Tony Genua has spent more than four decades as a portfolio manager, but his investing passion really took hold in his youth. In high school, he bought financial stocks and others. While studying economics at Western University, he traded equities and commodities. He was even long gold when it was just US$100 an ounce. Despite value investing’s popularity, he gravitated toward more dynamic opportunities in growth stocks. That has worked out well. His $4.2-billion AGF Global Select Fund (series F) has outpaced the MSCI All Country World Index since he took it over in 2013. He also oversees the $3-billion AGF American Growth Fund. We asked Genua why he’s bullish on the U.S. market, and why he’s a fan of Nvidia and Amazon.

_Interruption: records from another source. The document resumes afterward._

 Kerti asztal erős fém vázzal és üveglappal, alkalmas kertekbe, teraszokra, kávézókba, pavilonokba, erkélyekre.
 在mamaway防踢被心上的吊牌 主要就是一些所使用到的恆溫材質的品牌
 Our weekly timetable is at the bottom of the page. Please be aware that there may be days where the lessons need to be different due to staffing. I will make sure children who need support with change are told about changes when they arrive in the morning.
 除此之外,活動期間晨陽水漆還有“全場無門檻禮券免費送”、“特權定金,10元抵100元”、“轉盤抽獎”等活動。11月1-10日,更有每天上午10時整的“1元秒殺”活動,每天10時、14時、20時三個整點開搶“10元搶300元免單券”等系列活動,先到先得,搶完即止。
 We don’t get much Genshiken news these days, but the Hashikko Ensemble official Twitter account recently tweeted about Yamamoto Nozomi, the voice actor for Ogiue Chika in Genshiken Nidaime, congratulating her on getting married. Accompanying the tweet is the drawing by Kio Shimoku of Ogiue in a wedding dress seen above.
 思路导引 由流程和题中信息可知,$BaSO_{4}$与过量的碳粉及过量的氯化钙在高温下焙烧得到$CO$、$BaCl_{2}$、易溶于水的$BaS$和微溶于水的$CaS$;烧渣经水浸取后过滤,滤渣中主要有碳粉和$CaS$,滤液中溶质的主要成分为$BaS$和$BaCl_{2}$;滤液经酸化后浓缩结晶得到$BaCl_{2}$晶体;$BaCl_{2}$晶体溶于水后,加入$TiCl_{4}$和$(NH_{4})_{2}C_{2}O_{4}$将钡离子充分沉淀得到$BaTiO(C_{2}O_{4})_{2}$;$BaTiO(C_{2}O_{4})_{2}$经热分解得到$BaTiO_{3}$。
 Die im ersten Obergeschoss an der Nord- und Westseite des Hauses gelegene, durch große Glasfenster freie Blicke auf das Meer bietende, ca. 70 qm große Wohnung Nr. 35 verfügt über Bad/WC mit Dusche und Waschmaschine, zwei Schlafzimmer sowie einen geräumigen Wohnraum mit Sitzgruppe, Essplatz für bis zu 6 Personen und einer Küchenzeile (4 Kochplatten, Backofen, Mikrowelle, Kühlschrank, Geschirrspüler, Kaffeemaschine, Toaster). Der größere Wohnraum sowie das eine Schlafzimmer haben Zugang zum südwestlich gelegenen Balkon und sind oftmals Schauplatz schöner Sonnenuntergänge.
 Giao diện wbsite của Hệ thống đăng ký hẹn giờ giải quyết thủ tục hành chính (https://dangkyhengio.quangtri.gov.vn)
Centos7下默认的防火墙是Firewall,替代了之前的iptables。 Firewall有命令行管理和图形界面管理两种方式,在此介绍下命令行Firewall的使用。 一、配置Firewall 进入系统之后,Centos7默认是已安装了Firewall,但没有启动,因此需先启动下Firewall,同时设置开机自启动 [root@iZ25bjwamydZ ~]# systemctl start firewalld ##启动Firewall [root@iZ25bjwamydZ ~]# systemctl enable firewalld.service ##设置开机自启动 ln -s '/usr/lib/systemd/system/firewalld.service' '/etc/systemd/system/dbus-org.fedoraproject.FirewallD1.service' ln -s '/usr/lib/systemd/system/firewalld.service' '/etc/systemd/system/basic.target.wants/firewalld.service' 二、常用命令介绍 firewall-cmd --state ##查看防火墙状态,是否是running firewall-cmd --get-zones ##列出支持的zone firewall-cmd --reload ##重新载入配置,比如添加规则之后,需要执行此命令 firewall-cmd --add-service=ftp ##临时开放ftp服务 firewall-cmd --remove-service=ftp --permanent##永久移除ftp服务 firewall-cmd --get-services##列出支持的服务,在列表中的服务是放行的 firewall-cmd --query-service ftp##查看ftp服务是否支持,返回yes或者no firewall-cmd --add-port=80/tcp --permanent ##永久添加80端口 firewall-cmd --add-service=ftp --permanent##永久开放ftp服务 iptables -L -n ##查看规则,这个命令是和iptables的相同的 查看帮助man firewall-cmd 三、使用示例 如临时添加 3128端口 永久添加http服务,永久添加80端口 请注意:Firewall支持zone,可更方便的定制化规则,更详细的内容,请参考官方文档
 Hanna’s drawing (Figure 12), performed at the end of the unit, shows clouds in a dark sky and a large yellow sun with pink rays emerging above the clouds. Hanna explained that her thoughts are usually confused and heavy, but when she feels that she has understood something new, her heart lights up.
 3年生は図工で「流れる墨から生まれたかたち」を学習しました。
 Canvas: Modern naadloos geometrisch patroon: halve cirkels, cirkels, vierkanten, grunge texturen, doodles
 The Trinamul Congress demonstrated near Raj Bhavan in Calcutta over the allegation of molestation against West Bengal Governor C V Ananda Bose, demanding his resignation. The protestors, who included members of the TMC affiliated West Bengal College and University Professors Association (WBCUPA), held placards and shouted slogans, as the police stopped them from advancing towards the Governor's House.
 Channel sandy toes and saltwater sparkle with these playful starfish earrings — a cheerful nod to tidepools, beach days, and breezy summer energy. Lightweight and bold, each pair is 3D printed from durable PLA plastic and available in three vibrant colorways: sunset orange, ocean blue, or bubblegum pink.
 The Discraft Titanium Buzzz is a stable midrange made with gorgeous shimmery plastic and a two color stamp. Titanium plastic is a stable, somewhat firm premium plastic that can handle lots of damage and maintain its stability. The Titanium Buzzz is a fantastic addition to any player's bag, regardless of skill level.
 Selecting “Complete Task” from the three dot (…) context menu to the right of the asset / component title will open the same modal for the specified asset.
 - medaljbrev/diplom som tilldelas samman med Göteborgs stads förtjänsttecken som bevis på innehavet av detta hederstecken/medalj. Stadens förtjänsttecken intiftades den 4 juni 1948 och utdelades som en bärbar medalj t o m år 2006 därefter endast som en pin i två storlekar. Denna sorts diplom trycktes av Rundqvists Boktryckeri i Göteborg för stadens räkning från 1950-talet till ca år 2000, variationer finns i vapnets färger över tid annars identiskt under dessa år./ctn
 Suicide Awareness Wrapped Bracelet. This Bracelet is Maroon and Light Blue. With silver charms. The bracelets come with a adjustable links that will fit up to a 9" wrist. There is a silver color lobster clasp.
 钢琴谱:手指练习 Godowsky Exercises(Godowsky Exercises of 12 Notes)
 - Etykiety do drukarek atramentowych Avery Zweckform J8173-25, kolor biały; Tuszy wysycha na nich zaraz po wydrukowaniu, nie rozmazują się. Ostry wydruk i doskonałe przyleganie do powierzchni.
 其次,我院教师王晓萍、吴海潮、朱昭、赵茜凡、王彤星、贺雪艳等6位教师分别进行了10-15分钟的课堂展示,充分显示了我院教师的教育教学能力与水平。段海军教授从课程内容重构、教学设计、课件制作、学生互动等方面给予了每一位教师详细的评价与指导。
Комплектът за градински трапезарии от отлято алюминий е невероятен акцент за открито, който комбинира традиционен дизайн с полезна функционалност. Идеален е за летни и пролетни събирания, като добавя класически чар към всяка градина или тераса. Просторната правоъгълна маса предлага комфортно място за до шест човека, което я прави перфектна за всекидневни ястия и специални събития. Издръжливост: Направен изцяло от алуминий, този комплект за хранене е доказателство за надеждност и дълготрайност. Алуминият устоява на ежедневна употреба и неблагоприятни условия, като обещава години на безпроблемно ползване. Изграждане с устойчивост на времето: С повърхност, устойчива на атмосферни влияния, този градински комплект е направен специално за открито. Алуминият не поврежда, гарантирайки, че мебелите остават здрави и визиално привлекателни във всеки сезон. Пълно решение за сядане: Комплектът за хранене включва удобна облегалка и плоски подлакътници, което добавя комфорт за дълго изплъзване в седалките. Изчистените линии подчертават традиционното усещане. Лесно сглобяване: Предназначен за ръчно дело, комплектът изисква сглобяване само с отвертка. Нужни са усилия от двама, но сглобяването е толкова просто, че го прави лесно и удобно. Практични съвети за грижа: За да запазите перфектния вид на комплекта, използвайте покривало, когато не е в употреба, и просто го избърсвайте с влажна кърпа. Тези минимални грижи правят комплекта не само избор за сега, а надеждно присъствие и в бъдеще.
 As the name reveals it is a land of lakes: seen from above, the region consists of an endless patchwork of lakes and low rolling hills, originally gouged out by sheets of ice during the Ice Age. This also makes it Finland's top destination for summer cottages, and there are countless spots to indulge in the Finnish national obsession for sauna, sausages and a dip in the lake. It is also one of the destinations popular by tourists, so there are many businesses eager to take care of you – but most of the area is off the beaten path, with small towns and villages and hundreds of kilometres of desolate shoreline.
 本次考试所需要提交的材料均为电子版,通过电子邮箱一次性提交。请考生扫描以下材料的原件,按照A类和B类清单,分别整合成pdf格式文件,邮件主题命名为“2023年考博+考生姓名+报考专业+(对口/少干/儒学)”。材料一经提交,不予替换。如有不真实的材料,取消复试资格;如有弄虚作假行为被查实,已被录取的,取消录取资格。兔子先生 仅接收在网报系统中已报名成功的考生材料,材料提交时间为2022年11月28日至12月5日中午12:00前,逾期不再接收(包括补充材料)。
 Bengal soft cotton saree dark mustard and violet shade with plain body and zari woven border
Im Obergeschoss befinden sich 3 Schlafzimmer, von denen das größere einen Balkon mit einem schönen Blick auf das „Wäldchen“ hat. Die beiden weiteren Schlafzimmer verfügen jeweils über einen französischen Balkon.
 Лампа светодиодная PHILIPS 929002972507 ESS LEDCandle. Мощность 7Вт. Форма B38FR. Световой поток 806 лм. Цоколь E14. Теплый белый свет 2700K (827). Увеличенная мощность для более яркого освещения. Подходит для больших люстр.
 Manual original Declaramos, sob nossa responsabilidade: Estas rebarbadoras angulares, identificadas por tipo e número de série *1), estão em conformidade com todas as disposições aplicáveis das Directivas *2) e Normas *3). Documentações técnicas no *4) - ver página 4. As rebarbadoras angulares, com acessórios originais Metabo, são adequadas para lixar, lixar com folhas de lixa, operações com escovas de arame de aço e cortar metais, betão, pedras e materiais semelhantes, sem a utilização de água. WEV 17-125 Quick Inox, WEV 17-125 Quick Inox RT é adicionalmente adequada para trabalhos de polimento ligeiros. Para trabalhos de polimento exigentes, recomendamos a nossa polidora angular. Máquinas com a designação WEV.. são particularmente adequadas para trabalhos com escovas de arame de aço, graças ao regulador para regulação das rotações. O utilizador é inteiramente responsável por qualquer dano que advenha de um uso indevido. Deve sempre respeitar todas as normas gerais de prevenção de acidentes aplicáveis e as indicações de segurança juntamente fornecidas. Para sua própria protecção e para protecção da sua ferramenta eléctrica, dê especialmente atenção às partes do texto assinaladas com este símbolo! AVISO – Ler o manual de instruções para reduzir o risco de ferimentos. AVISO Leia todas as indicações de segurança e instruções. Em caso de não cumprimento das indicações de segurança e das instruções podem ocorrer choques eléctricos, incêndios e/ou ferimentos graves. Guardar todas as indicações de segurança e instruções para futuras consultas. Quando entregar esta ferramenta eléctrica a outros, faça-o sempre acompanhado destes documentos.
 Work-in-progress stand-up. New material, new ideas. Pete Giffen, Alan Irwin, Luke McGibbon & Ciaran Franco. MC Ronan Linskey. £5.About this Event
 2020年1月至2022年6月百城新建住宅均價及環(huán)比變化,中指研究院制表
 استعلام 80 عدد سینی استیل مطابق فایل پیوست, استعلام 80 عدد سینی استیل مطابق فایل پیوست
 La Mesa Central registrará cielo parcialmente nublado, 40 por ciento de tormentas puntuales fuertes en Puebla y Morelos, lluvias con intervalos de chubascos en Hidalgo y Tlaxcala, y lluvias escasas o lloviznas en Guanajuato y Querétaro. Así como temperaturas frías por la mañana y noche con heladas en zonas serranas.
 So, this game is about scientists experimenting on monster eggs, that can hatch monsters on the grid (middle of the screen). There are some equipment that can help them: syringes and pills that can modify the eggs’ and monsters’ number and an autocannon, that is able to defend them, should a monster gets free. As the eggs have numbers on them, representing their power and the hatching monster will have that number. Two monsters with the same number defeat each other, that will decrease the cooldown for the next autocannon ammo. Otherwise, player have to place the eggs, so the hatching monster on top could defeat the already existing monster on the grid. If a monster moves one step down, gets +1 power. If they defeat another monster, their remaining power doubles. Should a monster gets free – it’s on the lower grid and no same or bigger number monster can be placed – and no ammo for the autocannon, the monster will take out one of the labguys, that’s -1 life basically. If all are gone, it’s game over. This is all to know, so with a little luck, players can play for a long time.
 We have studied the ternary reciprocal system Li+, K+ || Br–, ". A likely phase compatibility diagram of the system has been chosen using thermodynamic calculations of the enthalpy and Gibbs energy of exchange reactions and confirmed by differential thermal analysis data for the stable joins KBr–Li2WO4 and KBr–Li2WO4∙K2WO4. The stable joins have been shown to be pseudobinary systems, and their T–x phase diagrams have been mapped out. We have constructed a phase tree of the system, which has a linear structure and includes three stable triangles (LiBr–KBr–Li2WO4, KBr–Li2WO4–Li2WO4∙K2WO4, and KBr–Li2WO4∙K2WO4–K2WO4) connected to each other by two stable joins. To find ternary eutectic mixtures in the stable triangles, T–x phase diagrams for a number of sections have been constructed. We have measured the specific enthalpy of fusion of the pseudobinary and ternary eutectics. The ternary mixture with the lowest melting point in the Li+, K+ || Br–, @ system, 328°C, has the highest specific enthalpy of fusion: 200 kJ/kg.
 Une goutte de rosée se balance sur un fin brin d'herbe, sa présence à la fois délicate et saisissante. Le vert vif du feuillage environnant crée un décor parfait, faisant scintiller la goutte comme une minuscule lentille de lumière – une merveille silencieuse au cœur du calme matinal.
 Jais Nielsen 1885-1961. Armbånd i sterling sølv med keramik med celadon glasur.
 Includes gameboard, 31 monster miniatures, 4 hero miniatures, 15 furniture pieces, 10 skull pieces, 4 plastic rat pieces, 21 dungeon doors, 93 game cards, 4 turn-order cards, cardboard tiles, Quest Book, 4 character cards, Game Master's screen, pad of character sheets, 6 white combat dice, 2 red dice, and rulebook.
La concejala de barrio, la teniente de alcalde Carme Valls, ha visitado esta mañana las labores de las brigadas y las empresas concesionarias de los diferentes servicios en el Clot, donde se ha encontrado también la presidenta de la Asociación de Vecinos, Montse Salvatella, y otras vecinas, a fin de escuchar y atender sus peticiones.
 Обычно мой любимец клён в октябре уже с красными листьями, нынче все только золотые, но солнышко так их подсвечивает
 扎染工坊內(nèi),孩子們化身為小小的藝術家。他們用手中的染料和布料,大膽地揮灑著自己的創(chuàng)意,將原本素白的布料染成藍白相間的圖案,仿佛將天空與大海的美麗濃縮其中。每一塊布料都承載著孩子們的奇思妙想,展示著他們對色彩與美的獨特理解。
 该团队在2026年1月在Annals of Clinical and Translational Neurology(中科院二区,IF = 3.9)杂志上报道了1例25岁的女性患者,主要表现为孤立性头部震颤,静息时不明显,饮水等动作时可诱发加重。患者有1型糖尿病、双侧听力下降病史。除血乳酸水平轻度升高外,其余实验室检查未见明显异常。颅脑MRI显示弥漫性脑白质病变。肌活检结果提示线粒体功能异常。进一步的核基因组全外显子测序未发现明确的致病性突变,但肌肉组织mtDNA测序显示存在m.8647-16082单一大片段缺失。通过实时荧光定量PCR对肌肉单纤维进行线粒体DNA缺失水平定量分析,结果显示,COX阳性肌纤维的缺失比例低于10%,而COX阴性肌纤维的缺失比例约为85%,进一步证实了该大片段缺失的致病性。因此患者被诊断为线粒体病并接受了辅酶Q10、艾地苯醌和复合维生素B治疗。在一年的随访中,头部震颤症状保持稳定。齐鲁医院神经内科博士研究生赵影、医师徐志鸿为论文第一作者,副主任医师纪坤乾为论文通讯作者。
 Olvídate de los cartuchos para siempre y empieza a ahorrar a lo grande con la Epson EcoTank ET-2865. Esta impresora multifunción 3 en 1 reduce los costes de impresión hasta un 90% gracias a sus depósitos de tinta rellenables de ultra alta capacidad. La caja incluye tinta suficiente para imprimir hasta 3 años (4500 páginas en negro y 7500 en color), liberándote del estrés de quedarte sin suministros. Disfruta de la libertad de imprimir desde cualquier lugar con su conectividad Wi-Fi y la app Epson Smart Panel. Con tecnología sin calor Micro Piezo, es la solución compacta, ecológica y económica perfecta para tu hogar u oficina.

What’s your strategy to outperform benchmarks?
I try to capture the market leaders in every cycle. The driving forces for new leadership are innovation and a changing macroeconomic environment. If a company doesn’t have R&D dollars resulting in new products and services, another firm will grab market share and get rewarded. Where we are in the economic cycle can also be a tailwind for growth or a headwind. When the economy shut down during the COVID-19 pandemic in 2020, we bought names such as Zoom and Teladoc Health, but later sold them.
Given that your global fund has a hefty North American weighting, what’s your outlook for the U.S. market?
I believe that we’re in the second year of a new bull market. Over the past 75 years, there has never been a negative return in the second year of a bull run. There is a U.S. election this year, and the average election-year return since 1900 has also been positive. The main driver for the market is rising earnings, and that will fuel the market higher. There is also about US$9 trillion in money market funds and equivalent deposits. Some of that will find a home in equities as interest rates come down.
How does your outlook affect what stocks you own?
Now that the majority of the move up for interest rates has occurred, we have been rotating back to higher-growth names. By the start of next year, we’ll be talking about a global synchronized recovery and will look for more cyclical growth securities.
Among the Magnificent Seven tech stocks, which drove most of the S&P 500′s return last year, you only own chip maker Nvidia, as well as Amazon. Why?
Both have strong earnings growth and an attractive valuation. We are starting to see major benefits from artificial intelligence. Nvidia is the poster child for AI, and there has been tremendous demand for its chipsets. It has seen the most benefit to its revenues based on generative AI or, more specifically, large-language models. By year-end, I also expect material developments from Amazon. It’s the largest cloud computing provider, and data is foundational to reap the benefits of AI. Through a recent joint venture with AI startup Anthropic, Amazon will roll out more products for its customers.
Pharma giant Eli Lilly is a top holding in your funds. How big a tailwind is its weight-loss drug Zepbound?
Eli Lilly and Novo Nordisk have GPL-1 drugs that were initially developed for diabetes but are addressing the problem that obesity poses for individuals and the health care system. There is so much demand, but Eli Lilly may be in a better position to ramp up production. It has just teamed up with Amazon Pharmacy to deliver Zepbound and other medications. Besides its obesity drug, Eli Lilly has an active pipeline focused on Alzheimer’s and cancer therapies.
Growth funds don’t typically hold energy names, but you own Cheniere Energy and Marathon Petroleum. Why is that?
We don’t typically invest in exploration and production companies. We bought those names in 2020 during the pandemic shutdown, and the opportunity is more long term. Cheniere Energy is the largest U.S. producer of liquefied natural gas that will be in demand because it’s a cleaner fossil fuel than oil and coal. Marathon is an oil refiner that also produces jet fuel and will benefit from growth in air travel.